(Exercise goal): Restate word for word the lines between the start of the material and the line with "وسوف نتناول في", keeping both of those ends and none of the pictures.

(Data):
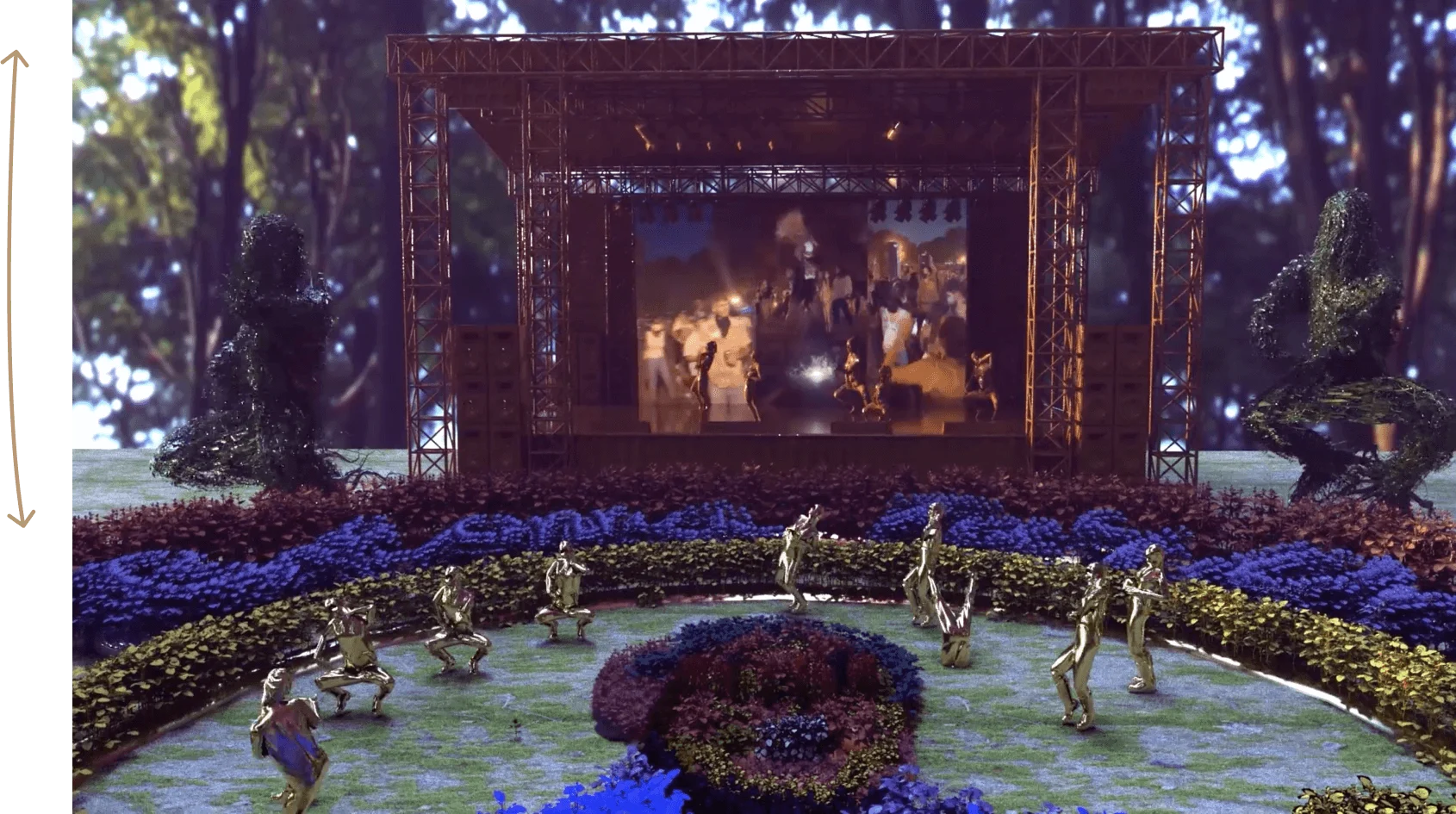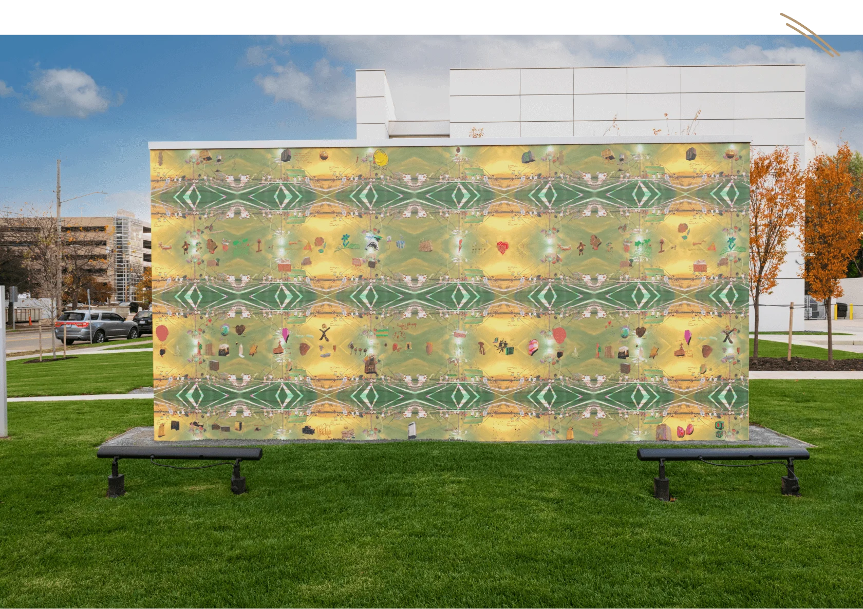 This practice of creating worlds is a recurring theme in Satterwhite’s work, and in a recent commission for the Cleveland Front Triennial titled “Dawn,” he worked with residents of the Fairfax neighborhood in Cleveland to make a public artwork for the Cleveland Clinic. Just as he collaborated with his mother’s drawings, he commissioned 100 people to create quick sketches representing their ideas of utopia, which he then brought to life digitally.
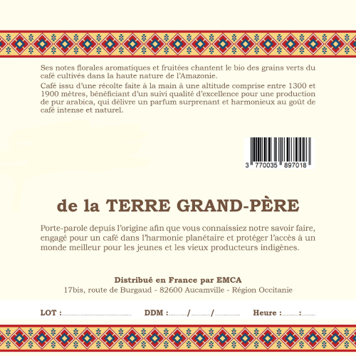 100% café arabica en grains issu de l’agriculture biologique du Pérou.
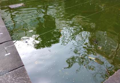 池のお魚さんの勢いに亀さんが押されています。亀さんがのんびりしていると、亀さんの餌も食べられてしまいます。小さな競争社会を見たような気がしました。
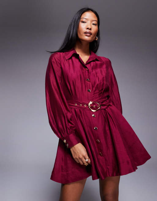 Forever New Petite – Ciemnoczerwona sukienka koszulowa mini z przeszyciami i paskiem
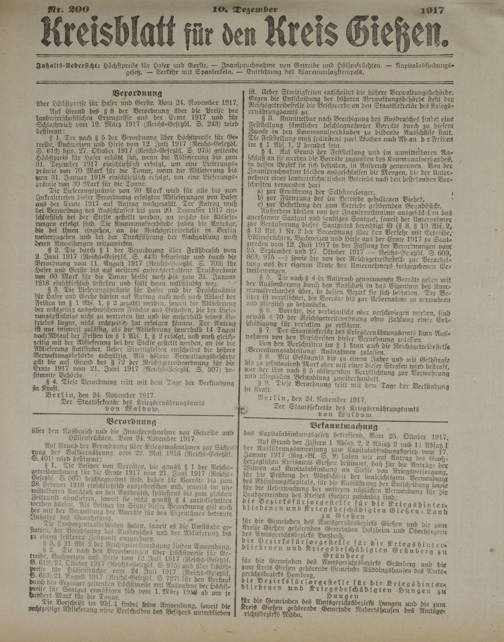 Regionale Zeitungen aus der Zeit des Ersten Weltkrieges
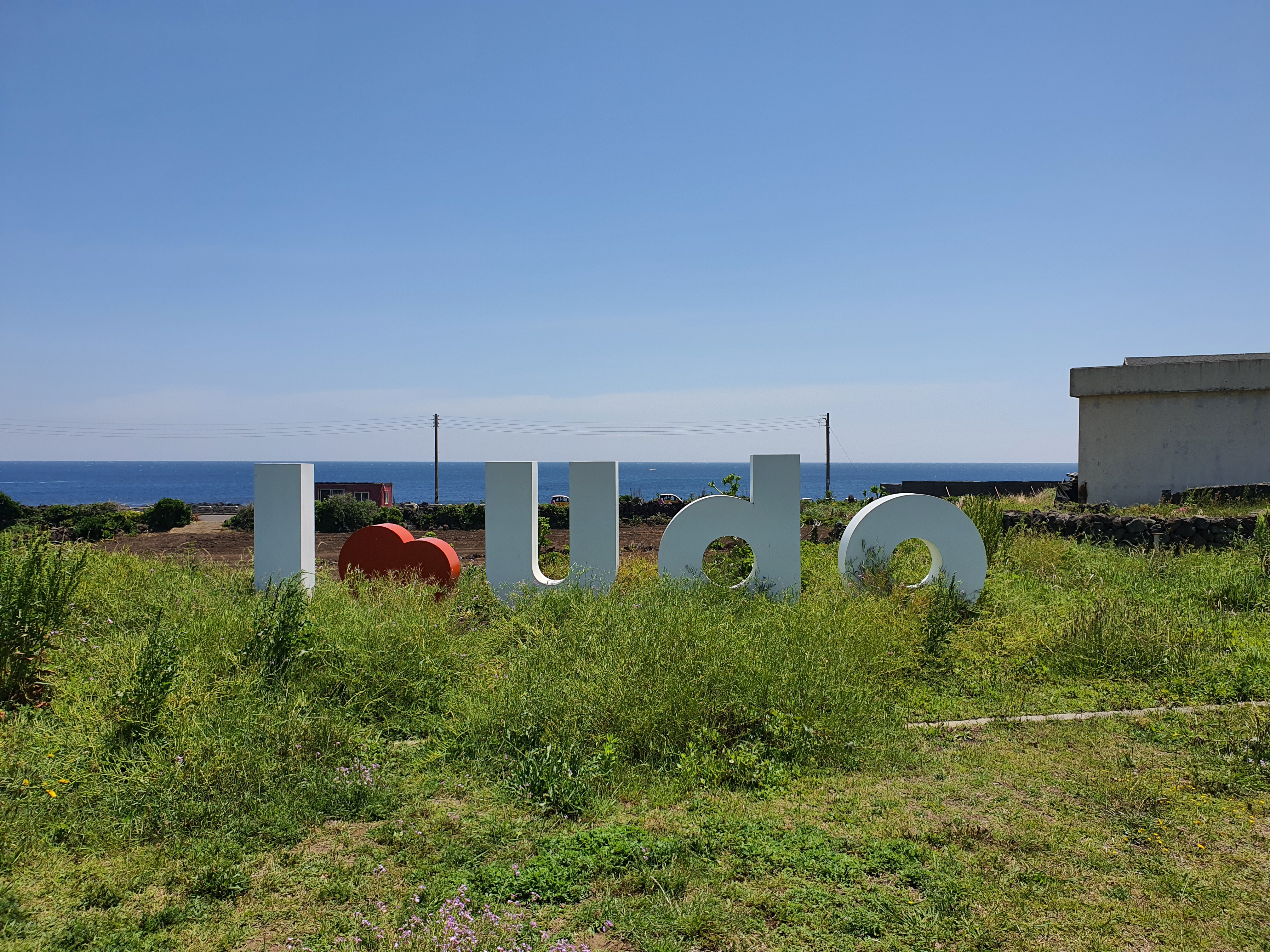 비양도를 나와 검멀레 해변으로 가는 도중에 발견한 포인트입니다. 관리가 좀 안되어 있다보니 잡초가 무성하지만, I❤Udo가 보여 추억을 담았습니다.
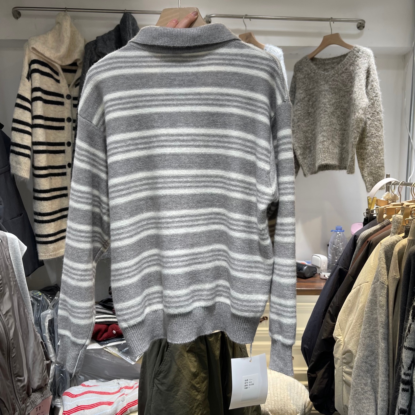 法式翻领polo衫条纹穿搭高级感套头宽松毛衣女2025秋冬上衣ins潮
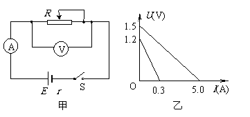 (1)用图甲所示的电路分别测量新旧电池的电动势和内阻,并把测量结果描绘成乙图所示的图像。由图像可知:旧电池的电动势E= V,内阻r= Ω.
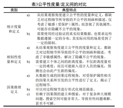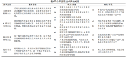 发现机器学习的不公平是纠正偏见和消除歧 视的前提。歧视类型和偏见类别的概念定义为发现 不公平提供了不同视角下的可能技术路径。机器学 习中不公平发现的主要技术包括关联规则挖掘、k 最邻近分类、概率因果网络、隐私攻击和基于深度 学习的方法等。表 4 对不公平发现技术进行了对比。
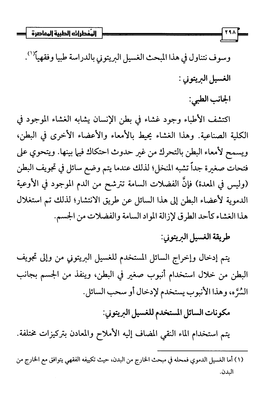وسوف نتناول في هذا المبحث الغسيل البريتوني بالدراسة طبيا وفقهياً (¬1).
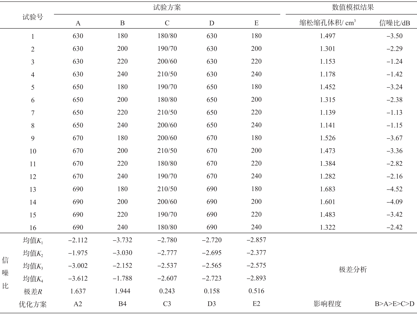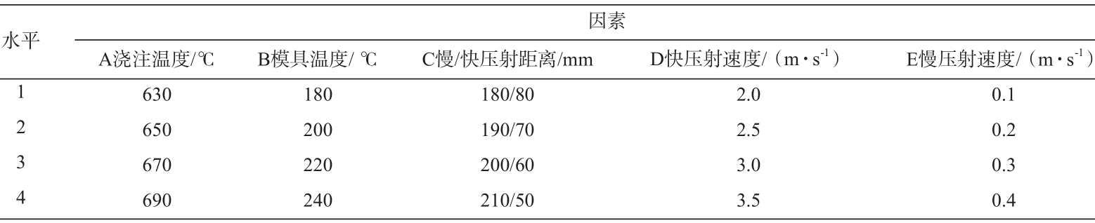 表2 澆排系統(tǒng)主要參數(shù) 2、壓鑄參數(shù)正交設(shè)計(jì)及工藝參數(shù)優(yōu)化 2.1 壓鑄數(shù)值模擬初始及邊界條件 在保證數(shù)值模擬結(jié)果可靠的前提下,盡可能減少計(jì)算時(shí)間,本研究采用Procast軟件,劃分非均勻網(wǎng)格。將鑄件、澆注系統(tǒng)及排溢系統(tǒng)等金屬液填充區(qū)域壁厚較薄處的網(wǎng)格單元尺寸設(shè)置為1.5 mm,其他區(qū)域網(wǎng)格單元尺寸設(shè)為3 mm,模具、料筒及沖頭等金屬部件的網(wǎng)格單元尺寸設(shè)為10 mm,網(wǎng)格總數(shù)量約454萬個(gè)。鑄件材料為ADC12鋁合金,模具材料為H13熱作模具鋼,材料的初始條件與文獻(xiàn)相同。 2.2 壓鑄數(shù)值模擬方案及結(jié)果 機(jī)油泵體鑄件對內(nèi)部質(zhì)量及氣密性要求高,鑄件內(nèi)部不允許有裂紋、疏松、氣泡等缺陷。影響壓鑄質(zhì)量的因素眾多,相關(guān)生產(chǎn)實(shí)踐及文獻(xiàn)研究表明,對缸體類壓鑄件的成形質(zhì)量有著重要影響的工藝參數(shù)是澆注溫度(A)、模具工作溫度(B)、慢/快壓射距離(C)、快壓射速度(D)和慢壓射速度(E),因而本文正交試驗(yàn)選擇這5個(gè)參數(shù)作為縮松縮孔缺陷的影響因素,其他參數(shù)按照實(shí)踐生產(chǎn)情況設(shè)定為某個(gè)定值,暫不考慮其影響。5因素4水平正交試驗(yàn)參數(shù)擬定如表3所示。

(Task solution):
 This practice of creating worlds is a recurring theme in Satterwhite’s work, and in a recent commission for the Cleveland Front Triennial titled “Dawn,” he worked with residents of the Fairfax neighborhood in Cleveland to make a public artwork for the Cleveland Clinic. Just as he collaborated with his mother’s drawings, he commissioned 100 people to create quick sketches representing their ideas of utopia, which he then brought to life digitally.
 100% café arabica en grains issu de l’agriculture biologique du Pérou.
 池のお魚さんの勢いに亀さんが押されています。亀さんがのんびりしていると、亀さんの餌も食べられてしまいます。小さな競争社会を見たような気がしました。
 Forever New Petite – Ciemnoczerwona sukienka koszulowa mini z przeszyciami i paskiem
 Regionale Zeitungen aus der Zeit des Ersten Weltkrieges
 비양도를 나와 검멀레 해변으로 가는 도중에 발견한 포인트입니다. 관리가 좀 안되어 있다보니 잡초가 무성하지만, I❤Udo가 보여 추억을 담았습니다.
 法式翻领polo衫条纹穿搭高级感套头宽松毛衣女2025秋冬上衣ins潮
 (1)用图甲所示的电路分别测量新旧电池的电动势和内阻,并把测量结果描绘成乙图所示的图像。由图像可知:旧电池的电动势E= V,内阻r= Ω.
 发现机器学习的不公平是纠正偏见和消除歧 视的前提。歧视类型和偏见类别的概念定义为发现 不公平提供了不同视角下的可能技术路径。机器学 习中不公平发现的主要技术包括关联规则挖掘、k 最邻近分类、概率因果网络、隐私攻击和基于深度 学习的方法等。表 4 对不公平发现技术进行了对比。
وسوف نتناول في هذا المبحث الغسيل البريتوني بالدراسة طبيا وفقهياً (¬1).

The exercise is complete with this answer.